Mein Herz klopfte heftig bei dieser Antwort; der Schweiß trat mir auf die Stirn. Zuletzt wurde meine Bewegung so groß, daß sie mich übermannte. »Ihnen ist nicht wohl, Sir«, sagte einer der Herren, »ein Glas Wasser, geschwind!«

Der Diener brachte mir ein Glas; ich trank und erholte mich.

»Es scheint, Sie nehmen großen Anteil an dem Schicksale dieses jungen Mannes.«

»Allerdings, Sir«, erwiderte ich, »es kann niemandem mehr am Herzen liegen.«

Der Sekretär trat mit seinem Verzeichnis ein, schlug es auf und las: den 16. August – – kam ein Herr, um nach einem hier ausgesetzten Kinde Namens Japhet zu fragen, welches mit einigem Gelbe ausgestattet worden sei, – Japhet, so getauft auf Befehl der Direktoren, Japhet Newland, – wurde in die Apotheke des Mr. Kophagus, Smithfield-Markt, gewiesen. Er kam am nächsten Tag wieder, mit der Nachricht, Mr. Kophagus habe das Geschäft aufgegeben, die Leute im Laden wüßten nichts Bestimmtes, glaubten aber, daß besagtet Japhet Newland vor etwa einem Jahre wegen Fälschung auf Lebenszeit deportiert worden sei.«

»Guter Gott, welch' eine schmähliche Verleumdung!« rief ich mit zusammengeschlagenen Händen aus.

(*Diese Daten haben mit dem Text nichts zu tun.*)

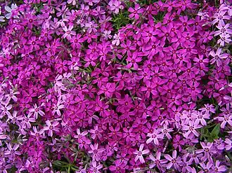 Phlox subulata [1] (Moss Phlox, Moss Pink, Mountain Phlox) is a perennial creeper growing to a height of 6 inches and covering a 20 inch wide area. The small, five-petaled flowers bloom in rose, mauve, blue, white, or pink in late spring to early summer.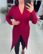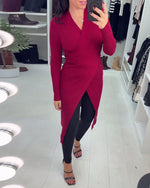 SPECIFICATIONS Category: Sweater Dresses Style: Casual Material: Acrylic,Spandex,Polyester Neckline: Lapel Sleeve Type: Dropped shoulder Dress Type: Straight Dress Length: Knee Length Sleeve Length: Long Sleeve Details: Buckle Fit Type: Regular Occasion: Daily Season: Fall,Winter Package Includes: 1 x Sweater Dress SIZE TABLE Size  Bust  ...
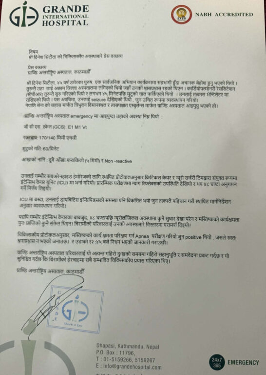 चिकित्सकीय प्रोटोकल अनुसार, मस्तिष्कको कार्य क्षमता परीक्षण गर्न एपनीया परीक्षण गरियो। जुन पोजिटिभ थियो, जसले स्वतः श्वासप्रश्वास नभएको जनाउँछ। र, उनको आइतबार १२:४५ बजे निधन भएको जानकारी गराउँछौँ।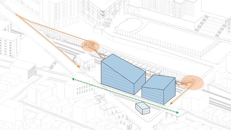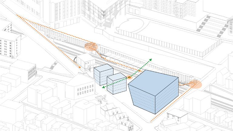 Massing studies tested various possibilities of connections between MBTA train station, pedestrians, and cars.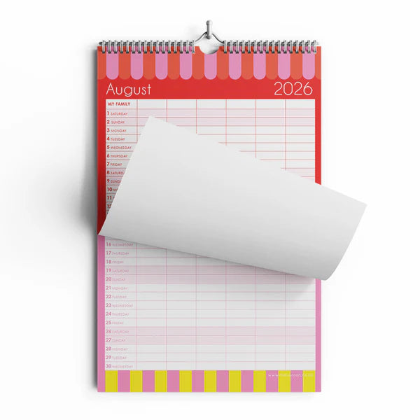 Macaroon 2026 A3 Hanging Family Planner - Circus Stripe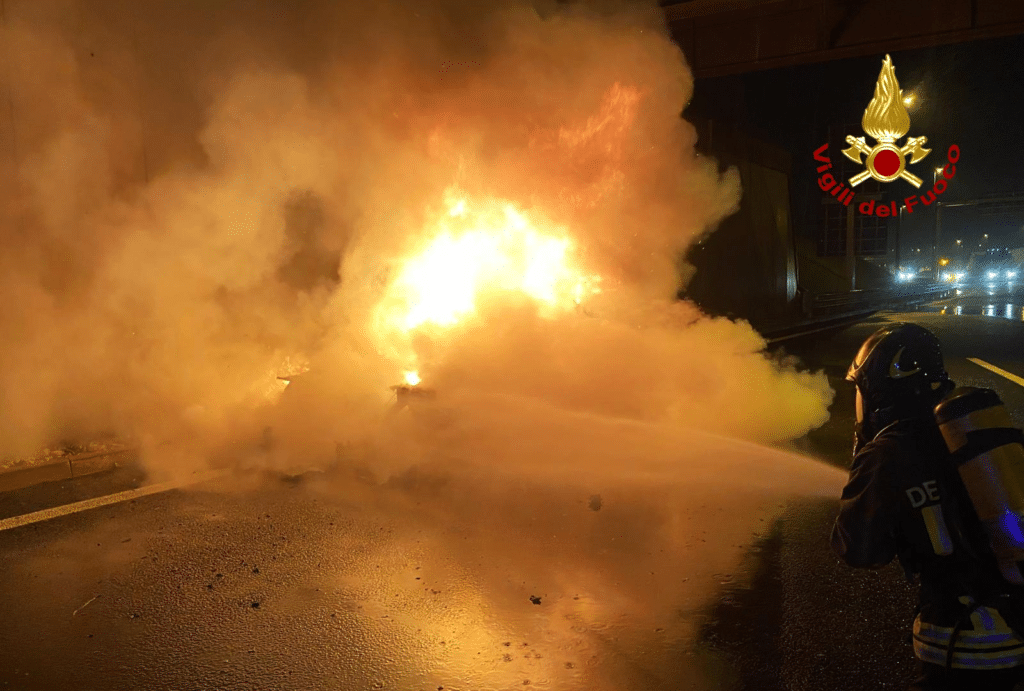 Scende dall'auto prima che prenda fuoco: Bmw distrutta dalle fiamme sulla superstrada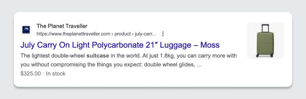 Include the most important content in the front part of your description to ensure it stays visible—just like this example. The meta description got truncated, but the main point remains clear. It’s the lightest double-wheel suitcase.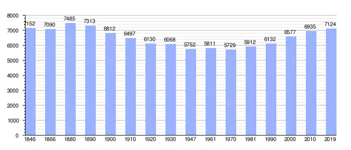 Todos los datos históricos relativos al actual municipio, el siguiente gráfico refleja su evolución demográfica, incluyendo municipios después de efectuada la fusión el 1 de enero de 1977.

»Bei weiterer Nachforschung im Kalender des Sheriffs fanden wir, daß ein gewisser J. Newland allerdings wegen eines solchen Verbrechens deportiert worden ist. Nun fragt es sich –?«

»Das muß ein anderer gewesen sein! diese Verleumdung ist eine rachsüchtige Bosheit der beiden schurkischen Gehilfen bei Pleggit!« rief ich.

»Wie können Sie das wissen, Sir?« sagte einer der Direktoren mit sanfter Stimme.

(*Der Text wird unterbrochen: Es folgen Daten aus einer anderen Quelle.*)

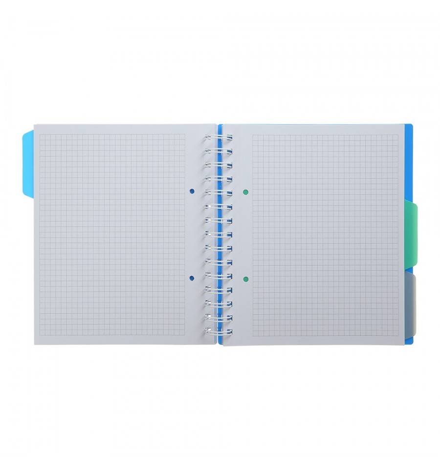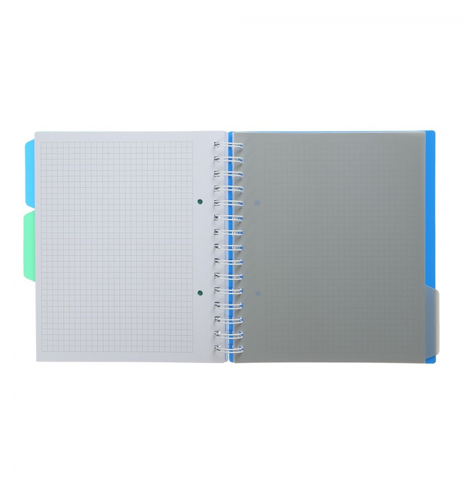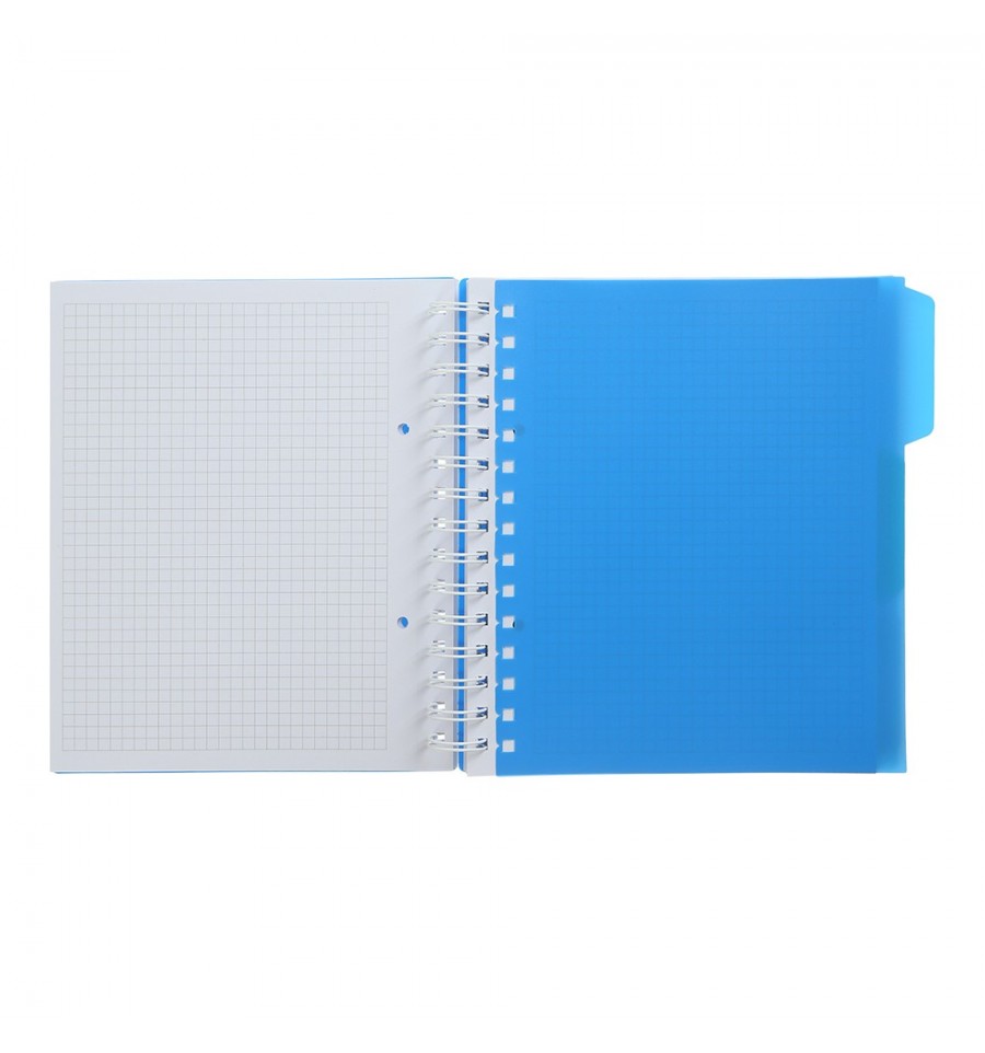 Зошит на пружині КЛАСІК- для ведення записів, конспектів, нотаток, чернеток, графічних замальовок тощо. Може використовуватися працівниками офісів та виробництв, державних установ, фінансових організацій, учнями, студентами та викладачами.120 аркушів формат міні В5 (170х205 мм) внутрішній блок: білий офсетний папір щільністю 70 г/м² містить 3 різнокольорові пластикові розділювачі всередині внутрішнього блоку, що дозволить зручно систематизувати різні записи в одному зошиті лініювання в клітинку матеріал обкладинки: жорсткий пластик, який захищає записи від намокання, зминання та забруднення тип скріплення: металева пружина збоку, яка забезпечує легке перегорнання аркушів та комфортне письмо з обох сторін має мікроперфорацію аркушів для легкого та рівного їх відділення аркуші внутрішнього блоку мають отвори для підшивання у швидкозшивач колір обкладинки синій

»Wie ich's wissen kann, Sir?« versetzte ich, von meinem Sessel aufspringend: »weil ich selbst Japhet Newland bin.«

»Sie, Sir?« erwiderte der Vorsteher mit einem Blick auf meine fashionable Kleidung, meine Kette und meine Juwelen.

»Ja, Sir, ich bin dieser Japhet Newland, der in Ihrer Freistätte erzogen und als Lehrling bei Mr. Kophagus untergebracht worden ist.«

»Dann, Sir«, erwiderte der Vorsitzende, »sind Sie wahrscheinlich zugleich jener Mr. Newland, von welchem in allen vornehmen Gesellschaften gesprochen wird.«

»Ich glaube der zu sein, den Sie meinen, Sir.«

»Ich wünsche Ihnen Glück, Sir, zu Ihren Erfolgen in der Welt. Man sollte nicht glauben, daß Ihnen sehr viel daran gelegen sein müsse, Ihre Eltern zu entdecken.«

»Sir«, entgegnete ich, »Sie haben nie gefühlt, was es heißt, weder Eltern noch Verwandte zu haben. So glücklich Sie mich glauben, – und ich gestehe, daß ich allen Grund habe, für mein unerwartetes Emporsteigen in der Welt dankbar zu sein, so wäre ich doch in diesem Augenblicke bereit, all' das Meinige aufzugeben, meine Findlingskleidung wieder anzuziehen und ein Bettler zu werden, wenn ich nur die Urheber meines Daseins entdecken könnte.« – Ich verbeugte mich tief vor den Vorstehern und verließ das Zimmer.